There are some programs that can turn a laptop computer in to a wireless-network survey tool, but most of them don’t show much useful information, are hard to operate for anyone other than a network technician; or are too costly. They miss the needs of people who run home or small-business wireless networks or wireless hotspots.

What needs to exist is low-cost wireless-network management software that can work with the common Microsoft or Apple platforms on computers that have common wireless . The software should be able to use commonly-available wireless network adaptors such as the Intel Centrino platform to perform site surveys on the WiFi bands and display the activity on these bands in an easy-to-view but comprehensive manner. The software should be easy to use for most people so they can spot interference to their wireless network easily and can “tune” their wireless network for best performance.

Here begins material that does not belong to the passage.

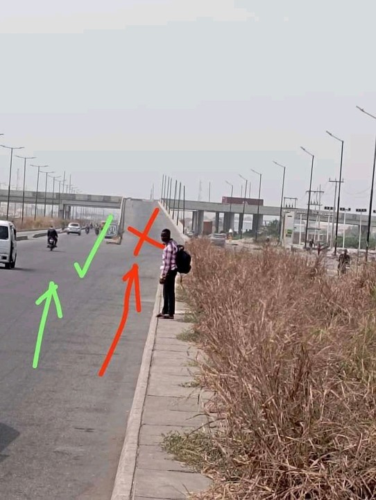 This is the trick… Ones you board their bike from mile2 or wherever mainly at night. They will pretend as if they want to take the normal lane(green mark) and on approaching the demarcation between the ground lane and the bridge, they will swerve on to the bridge where their other gang members are standing waiting for victims. So they will immediately descend on you with different types of weapons and dispossess you of all your valuables.

An application that is matching this need is MetaGeek’s inSSIDer, a free wireless-network site survey tool for the Windows platform which I have reviewed in this blog. It has the ability to list all the networks receivable by signal strength, MAC address, SSID or channel; or plot a graph of the networks by signal strength over time; or plot a graph of all the access points by signal strength over channel. This may help with managing your hotspot by identifying rogue access points and “evil-twin” hotspots.

Similarly the popular smartphone and PDA platforms like Applie iPhone, Android, Symbian S60 / UIQ, Blackberry and Microsoft Windows Mobile could have low-cost wireless-network management software written for them so they can make a handheld PDA or mobile phone work as a site-survey tool for assessing quality of service.

Once this kind of software is available for small business and home users, it empowers them to assure proper coverage of their network and check for any “evil twin” or other rogue hotspots being set up to catch customers.

Summary

There needs to be more effort put in to setting up secure public-access wireless networks so that people can benefit from portable computing anywhere without forfeiting the confidentiality of their personal or corporate data.

It also will encourage people to gain the maximum value out of their WiFi-enabled portable information devices whether for their business life or their personal life.